> **Task details**
Pictures aside, reproduce exactly and only the lines below, starting at the one containing "赵一恒在信中谈到,《解读中国" and ending at the last line.

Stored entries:
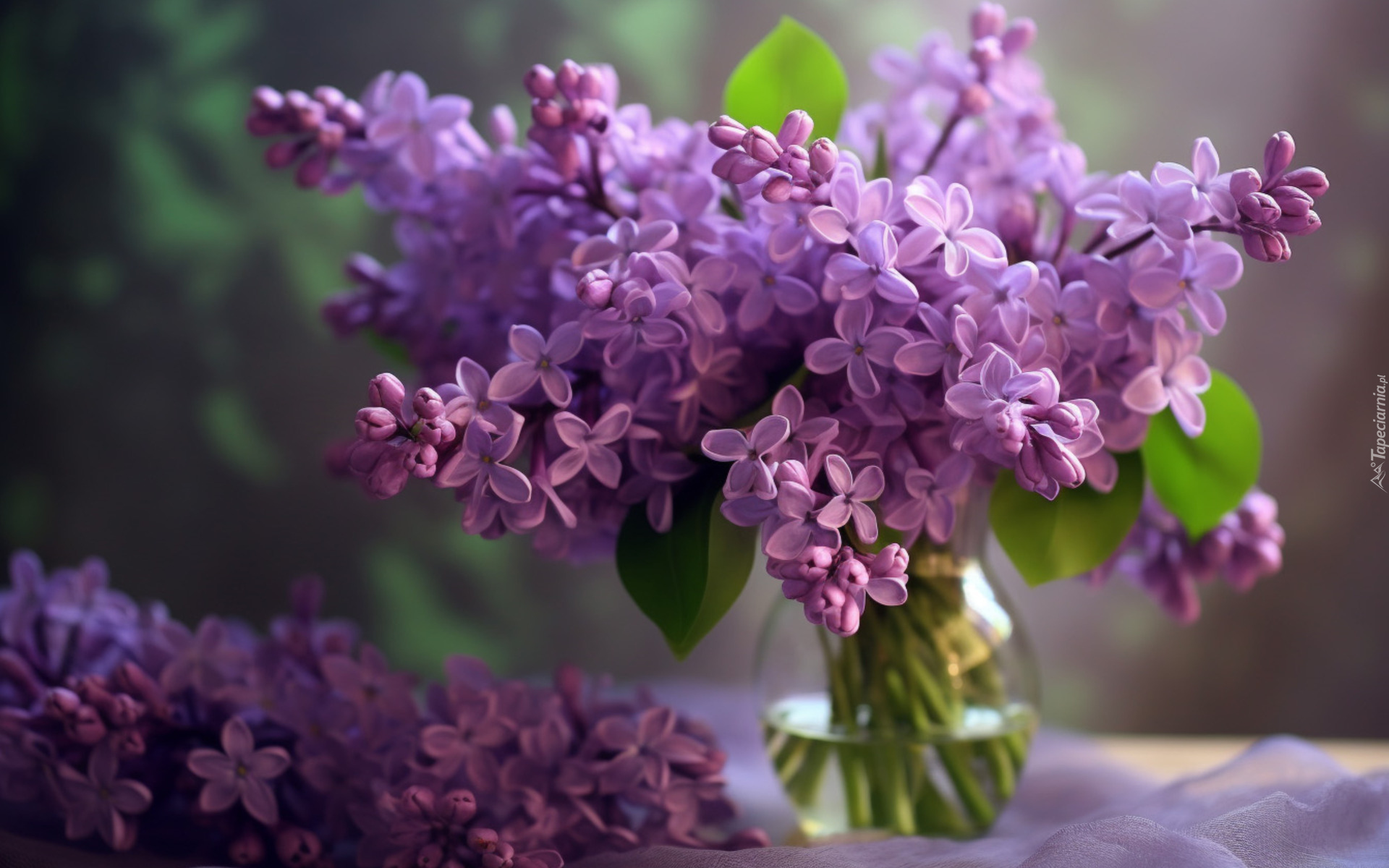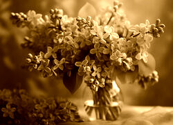 Edytor tapety: Gałązki fioletowego bzu w wazonie
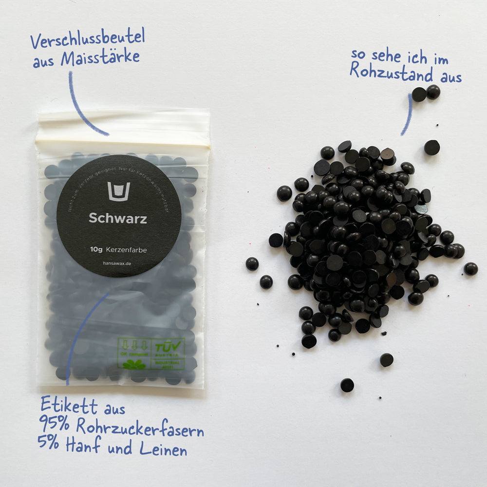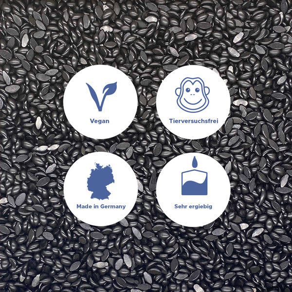 Our colors are produced in Germany and consist of a mixture of color pigments and dyes, which create brilliant colors and strong tones in your candles without having too much of an impact on the burning behavior of your candle. The candle colors can be used for any natural wax (rapeseed wax, soy wax and sunflower wax, sometimes also beeswax), but also paraffin, stearin and palm wax mixtures, and come in practical, resealable bags made from corn starch that do not harm the environment.
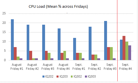 "Based on the load factor, we hit the stats socket (port 9999) to update the weights of each node. As an example, [left] is a snippet of the code – we are looking for 5 consecutive occurrences of CPU over 95% which highlights CPU flatlining and thus the factor of the load on the reader node."
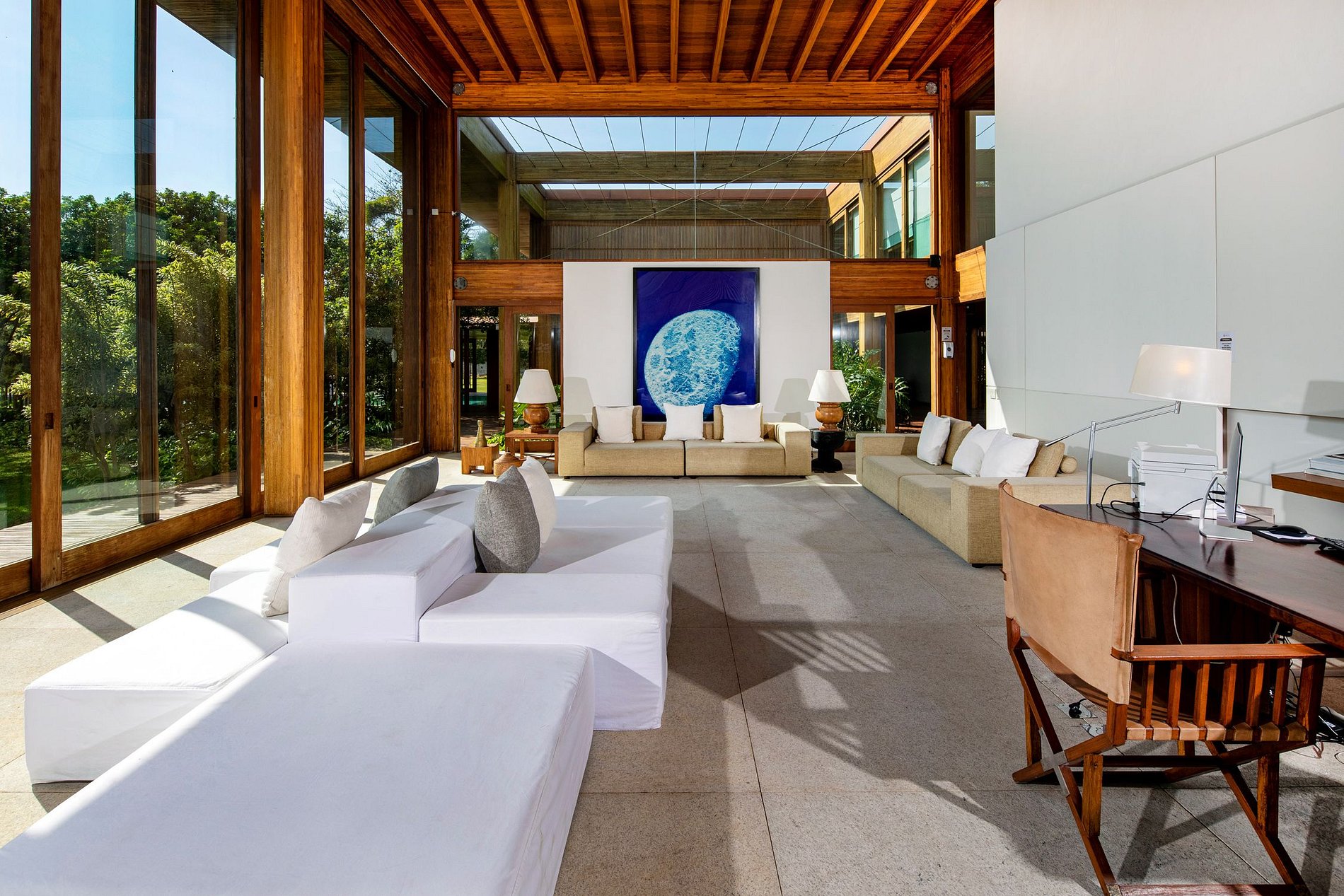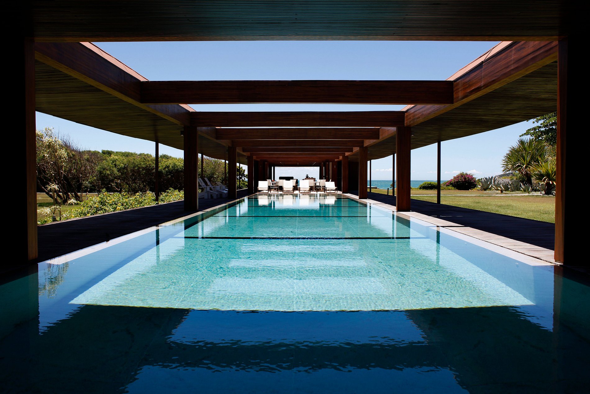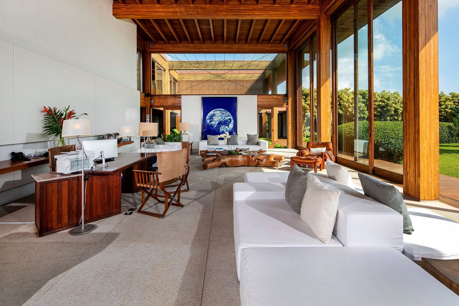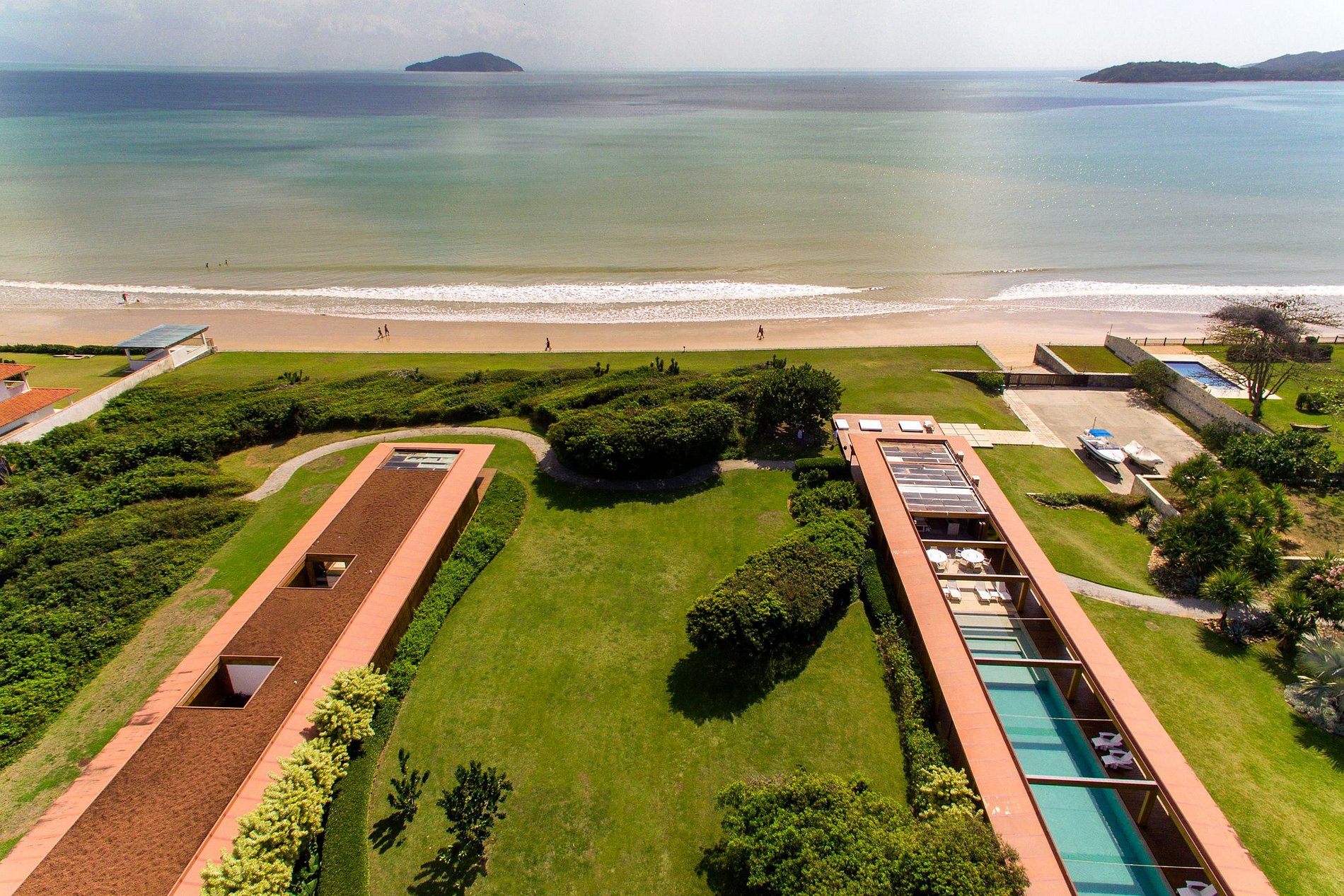 O design ecologicamente consciente foi magistralmente projetado para aproveitar ao máximo a luz do sol e a brisa do mar. A mansão consiste numa ala central que contém a sala de estar, as suítes máster e a área de serviço e é seccionada por duas alas adicionais, onde se localizam as demais suítes, o jardim, a piscina e muito mais. A estrutura forma um amplo “H” que confere a todas as áreas da mansão acesso à natureza ao redor. Até mesmo corredores foram concebidos de modo a privilegiar uma planta aberta, o que produz um efeito espetacular de iluminação e ventilação naturais em todos os 4.900 m² de área do imóvel.
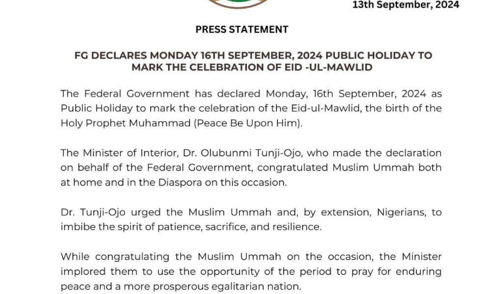 The Federal Government has announced Monday, September 16, 2024, as public holiday to commemorate the birth of the Holy Prophet Muhammad. Minister of Interior, Olubunmi Tunji-Ojo,...
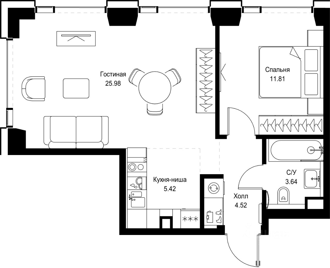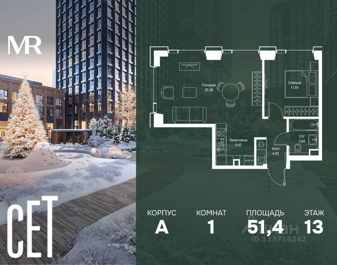 В ЖК Сет продается 1-комнатная квартира площадью 51.37 м², расположенная в корпусе А, на 13 этаже 52 этажного дома.
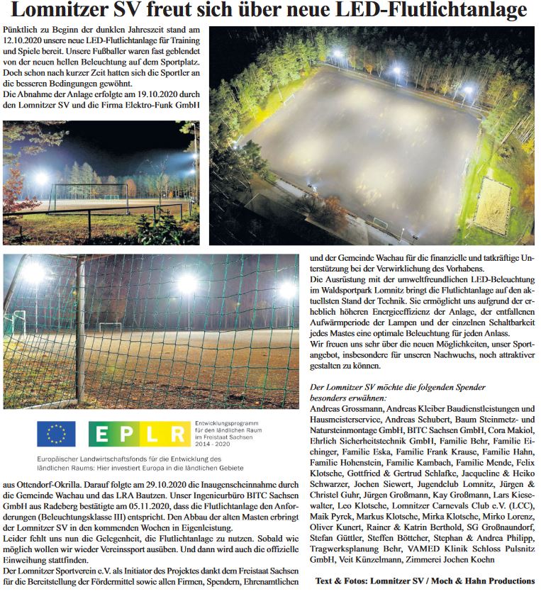 Lomnitzer SV freut sich über neue LED-Flutlichtanlage
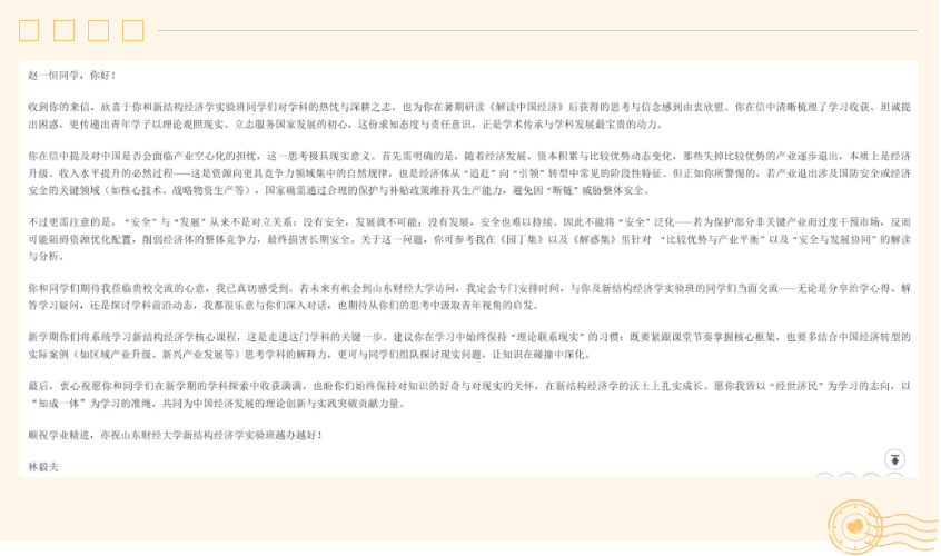 赵一恒在信中谈到,《解读中国经济》让他对中国经济发展逻辑有了更清晰的认知,也更加坚定了“以所学服务国家经济发展”的决心。同时,他结合美国因产业空心化引发贸易逆差扩大、底层民生困难等后果,以及国内部分地区劳动力成本上升、产业外流的现象,询问“中国未来是否会面临类似产业空心化风险”。信的最后,他代表班级全体同学表达了深耕新结构经济学的信念,并期盼林毅夫教授能够莅临学校进行指导交流�
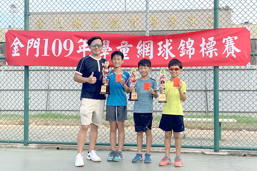 金門網球推廣協會辦理「金門縣一○九年學童網球錦標賽」,30位國小學童頂著太陽揮汗拚出勝負,最後分別由陳曄在低年級組、莊皓崴在中年級、陳彥禎在高年級分別摘下冠軍,在金門網球推廣協會理事長陳孝威頒獎表揚後,為球賽劃下圓滿句點。 為讓網球運動在地區向下扎根,使地區網球運動年齡層更多元,金門網球推廣協會日前於縣立網球場展開「金門縣一○九年學童網球錦標賽」,共有三十幾位國小學童在家長的陪同下參賽,進行球技切磋,也藉此驗證平日練習的成果。 球賽共分為小組預賽、八強單敗淘汰賽、小組賽三項,其中,小組預賽為打一盤四局NO-Ad制,局數四比四時採tie-breaker勝制,先得七分者為勝一盤。而八強單敗淘汰賽中,低年級組打一盤四局NO-Ad制,中高年級組打一盤六局NO-Ad制,雙方滿局數時,採tie-breaker勝制,先得七分者為勝。而小組賽的戰績判定,勝場數多者勝出,勝場相同以勝場(總勝局數)-(總負局數)大者為勝。 在經過一整天的循環比賽後,各組優勝出爐,閉幕中由陳孝威理事長主持並頒發獎盃獎勵績優選手,各組成績分別為: 低年級:第一名陳曄(開瑄國小)、第二名郭騰襄(中正國小)、第三名黃晨軒(中正國小)、李鑫(中正國小)。 中年級:第一名莊皓崴(中正國小)、第二名陳芓螢(中正國小)、第三名陳義善(金湖國小)、陳彥宇(中正國小)。 高年級:第一名陳彥禎(中正國小)、第二名楊敏晟(中正國小)、第三名李睿鑫(中正國小)。 陳孝威理事長說,該協會辦理競賽的目的希望能夠活化增加地區的網球交流,讓運動人口向下扎根。此次比賽,球員在一天的競爭中頂著大太陽揮汗打球,許多家長陪同孩子到場比賽也有點心疼,他們也希望縣府能夠將網球場規劃像金沙鎮複合式運動場一樣,讓孩子更喜愛運動。 另外,陳孝威也說,地區網球運動人口越來越多,但網球場數量不夠,許多民眾下班、學生放假要打網球都要排隊打球,希望政府能多設置一些網球場,讓接觸網球的孩子們,能夠有一個與他人切磋較勁的舞台。讓更多民眾接觸網球並且能夠喜愛上這項運動。
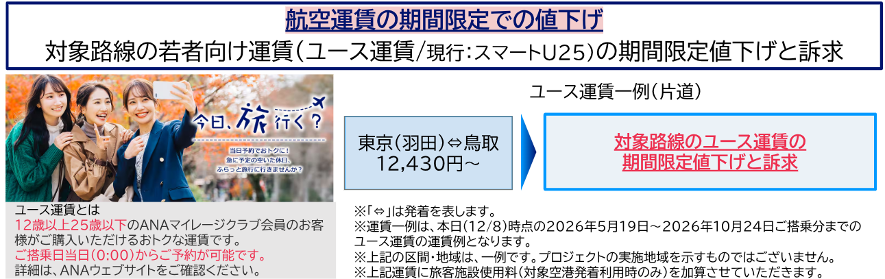 1.地域✕お客様✕ANAをつなぐ、新たな地域活性化の取り組み「ANAつなぐふるさとプロジェクト」始動 2.地域創生特別デザイン機「ANAふるさとJET」就航 3.新規登録者限定!「ANAのふるさと応援ダブルキャンペーン」開始 |

> **Task result**
 赵一恒在信中谈到,《解读中国经济》让他对中国经济发展逻辑有了更清晰的认知,也更加坚定了“以所学服务国家经济发展”的决心。同时,他结合美国因产业空心化引发贸易逆差扩大、底层民生困难等后果,以及国内部分地区劳动力成本上升、产业外流的现象,询问“中国未来是否会面临类似产业空心化风险”。信的最后,他代表班级全体同学表达了深耕新结构经济学的信念,并期盼林毅夫教授能够莅临学校进行指导交流�
 金門網球推廣協會辦理「金門縣一○九年學童網球錦標賽」,30位國小學童頂著太陽揮汗拚出勝負,最後分別由陳曄在低年級組、莊皓崴在中年級、陳彥禎在高年級分別摘下冠軍,在金門網球推廣協會理事長陳孝威頒獎表揚後,為球賽劃下圓滿句點。 為讓網球運動在地區向下扎根,使地區網球運動年齡層更多元,金門網球推廣協會日前於縣立網球場展開「金門縣一○九年學童網球錦標賽」,共有三十幾位國小學童在家長的陪同下參賽,進行球技切磋,也藉此驗證平日練習的成果。 球賽共分為小組預賽、八強單敗淘汰賽、小組賽三項,其中,小組預賽為打一盤四局NO-Ad制,局數四比四時採tie-breaker勝制,先得七分者為勝一盤。而八強單敗淘汰賽中,低年級組打一盤四局NO-Ad制,中高年級組打一盤六局NO-Ad制,雙方滿局數時,採tie-breaker勝制,先得七分者為勝。而小組賽的戰績判定,勝場數多者勝出,勝場相同以勝場(總勝局數)-(總負局數)大者為勝。 在經過一整天的循環比賽後,各組優勝出爐,閉幕中由陳孝威理事長主持並頒發獎盃獎勵績優選手,各組成績分別為: 低年級:第一名陳曄(開瑄國小)、第二名郭騰襄(中正國小)、第三名黃晨軒(中正國小)、李鑫(中正國小)。 中年級:第一名莊皓崴(中正國小)、第二名陳芓螢(中正國小)、第三名陳義善(金湖國小)、陳彥宇(中正國小)。 高年級:第一名陳彥禎(中正國小)、第二名楊敏晟(中正國小)、第三名李睿鑫(中正國小)。 陳孝威理事長說,該協會辦理競賽的目的希望能夠活化增加地區的網球交流,讓運動人口向下扎根。此次比賽,球員在一天的競爭中頂著大太陽揮汗打球,許多家長陪同孩子到場比賽也有點心疼,他們也希望縣府能夠將網球場規劃像金沙鎮複合式運動場一樣,讓孩子更喜愛運動。 另外,陳孝威也說,地區網球運動人口越來越多,但網球場數量不夠,許多民眾下班、學生放假要打網球都要排隊打球,希望政府能多設置一些網球場,讓接觸網球的孩子們,能夠有一個與他人切磋較勁的舞台。讓更多民眾接觸網球並且能夠喜愛上這項運動。
 1.地域✕お客様✕ANAをつなぐ、新たな地域活性化の取り組み「ANAつなぐふるさとプロジェクト」始動 2.地域創生特別デザイン機「ANAふるさとJET」就航 3.新規登録者限定!「ANAのふるさと応援ダブルキャンペーン」開始 |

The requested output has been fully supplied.